On Multiple Representations and Efficiency

Here's an interesting point about encoders:

If there exist more than one representation for a particular string of information, then the encoder is inefficient.
Why? Well, it's simple: Say we're looking at all the strings which are represented in 2-bits, and two of them decode to string A. We could save space by using only one representation for A, and moving a 3-bit encoded string, B, into one of the 2-bit slots that A used to take up. This allows a cascade of moves from longer to shorter codes, so that the average length gets shorter. The resulting encoder has only one representation for any string. Such an encoder is efficient.

Example:
inefficient encoder:
00 = Z
01 = A
10 = A
110 = B
1110 = C
1111 = D

efficient encoder:
00 = Z
01 = A
10 = B
110 = C
111 = D

We've obviously saved space by removing redundant representations.

Examples of efficient encoders:
Examples of inefficient encoders:
  • LZW and most of its derivatives
  • Any general purpose programming language
  • Turing Machines and Universal Computers

Now, let's think about Kolmogorov Complexity.

The Kolmogorov Complexity (KC) of a string is the size of the smallest representation of that string in a given language. The language is the method of representation or encoding.

Let's define a decoder as a machine, virtual or real, which accepts an input and returns a corresponding output. We can construct a decoder for any encoder, simply by using the same language in each. So, the size of the smallest input which produces a given string as the output is the KC of that string under that encoder/decoder.

That's obvious. Now, let's think about efficient encoders. They have exactly one input which produces a given output, so that input must be the smallest. Since it is the smallest input which produces that output, its size is the KC of that output under the encoder/decoder.

In other words, we hit Kolmogorov Complexity whenever we use an efficient encoder.

Not only that, but we know they are more efficient than inefficient encoders, so their KCs are smaller on average.
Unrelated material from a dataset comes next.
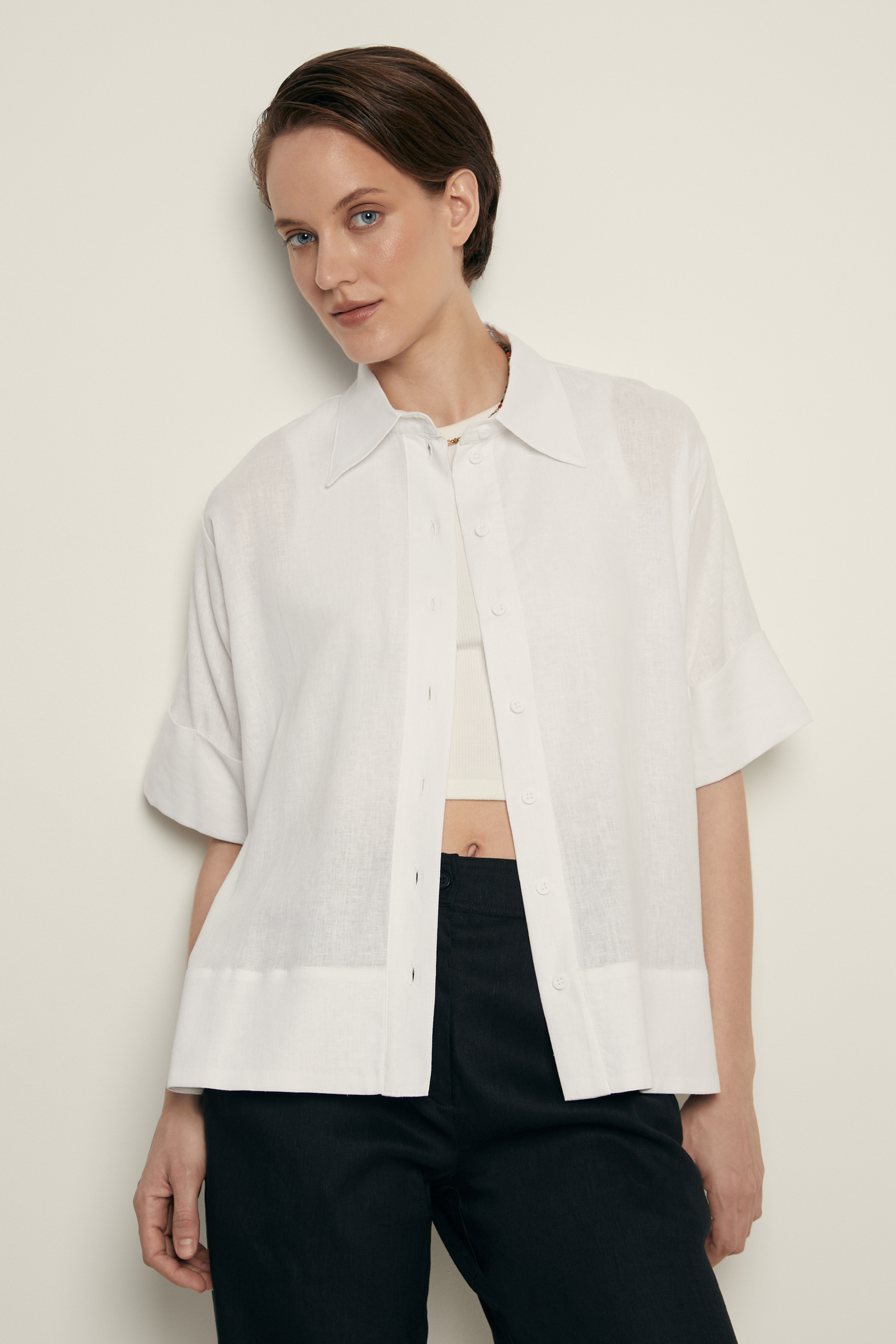 Блузка свободного кроя с добавлением льна
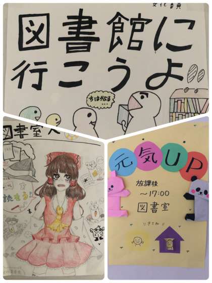 校内に図書館へ行きたくなるようなポスターがたくさん貼っています。

For instance, a Turing Machine has an infinite number of representations for any given string, so it has substantially larger average KCs than efficient coders. Therefore, the size of a string compressed with a prediction encoder using an appropriate probability model is very often less than the Kolmogorov Complexity of the same string using, say, a Turing Machine.

So enough of this Kolmogorov Complexity being the Holy Grail of compression! We hit KC every day, and we can do better by finding good probability models than we can by making Kolmogorov encoders for Intel chips or whatever.